In Yemen, indications suggest that the Ansar Allah dossier is entering a new phase. According to this assessment, Israel established a “Yemen Desk” within the Mossad roughly eight months ago, underscoring the growing importance of this issue in the Israeli regime’s intelligence and operational calculations. The time may now have come to operationalize portions of this desk’s plans, making targeted action by Israel and the United States against Ansar Allah increasingly likely in the near future. If this trajectory is activated, Yemen will become another crucial theatre in the intensification of simultaneous pressure against the axis of resistance.
In Iraq, the containment or weakening of forces aligned with the resistance remains a fixture on the U.S. agenda, gaining added significance when considered alongside other regional developments. Consequently, we are not confronting a collection of disparate crises but a nexus of interconnected dossiers pursued within a multilayered design aimed at reshaping the balance of power in West Asia.
Taken together, these developments indicate that the United States, rather than relying on a single instrument, is activating a network of interconnected pressures against the Islamic Republic of Iran. Domestic pressure, border pressure, pressure on its regional allies, and pressure channeled through international coalition‑building all constitute components of this shared architecture. Its ultimate aim is to redefine the balance of power in West Asia in favor of the United States and the Israeli regime, while compelling Iran to focus on managing overlapping, multi‑front crises.

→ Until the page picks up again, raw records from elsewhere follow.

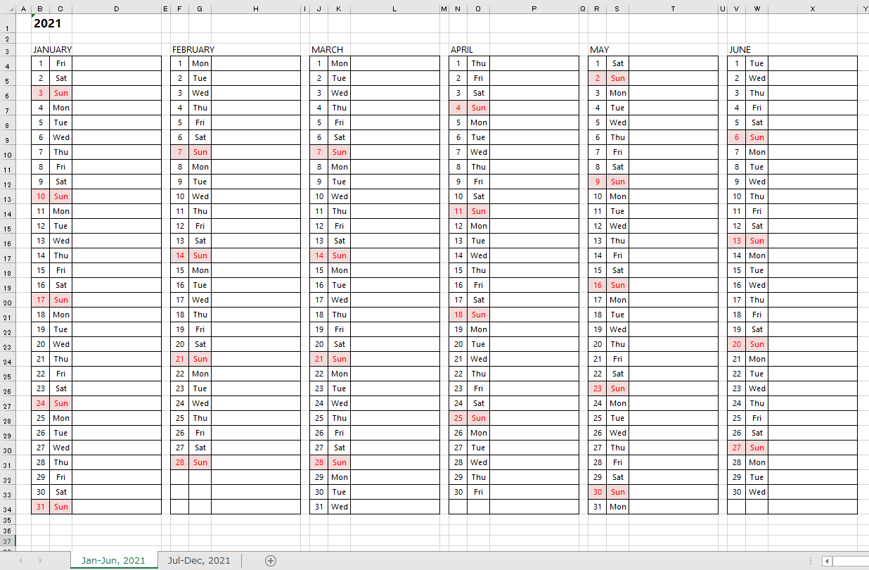 Simply download the Excel 2025 Horizontal Annual Blank Calendar template, customize it to suit your needs, and start filling in important dates and events. You can color-code different activities, add notes, and even set reminders to help you stay organized throughout the year.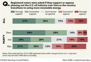 Finally, Americans have a clear choice about climate change on Tuesday. The map below demonstrates that in all states a substantial majority of the population (ranging from 60-94%) considers global warming will be a serious problem in the USA. The bar chart indicates that 57% of voters nationally support the phasing out of the US oil industry. Even among Republican voters 41% support the phase out, with 46% opposed. But will these opinions be reflected in voting patterns?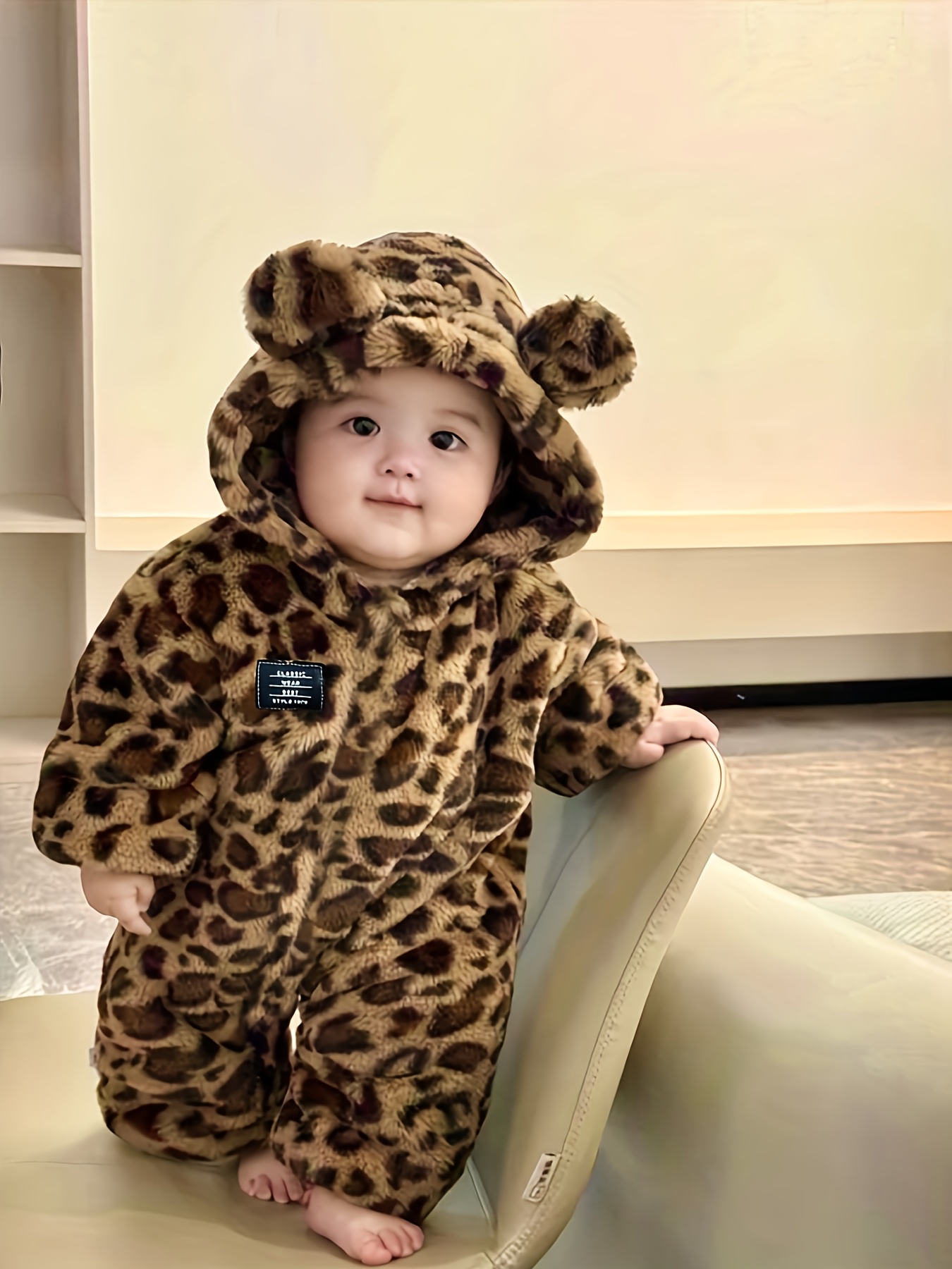Dečija odeća od flisa sa leopard printom za jesen i zimu, slatki i mekani bodi za bebe, idealni za nošenje napolju.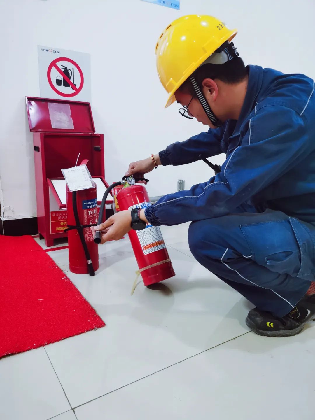 ▲董翱在檢查消防器材

Nevertheless, this strategy appears unlikely to succeed. Recent years have demonstrated that numerous U.S. and Israeli initiatives — despite military superiority, political backing, and intricate security networks — have culminated in attrition, disruption, and failure when confronted with ground realities, local constraints, and the steadfast resolve of resistance movements. Moreover, the massive funeral processions for martyred commanders in Iran and Iraq underscore that a genuine, sustainable order in West Asia emerges not from external American engineering but from the collective will of peoples, historic memory of resistance, and deep opposition to domination. Accordingly, while Washington seeks to recalibrate its pressure on Iran and the axis of resistance through a more complex, multilayered design, regional political and social realities reveal that this project shares the internal limitations, exhaustion, and eventual defeat of preceding paradigms. Thus, the emerging order in West Asia cannot be viewed as a product of American will but as the gradual ascendancy of a popular, deeply rooted, anti‑American sentiment that outweighs imposed, externally engineered projects.
The views expressed in this article are the author’s own and do not necessarily reflect Al Jazeera’s editorial policy.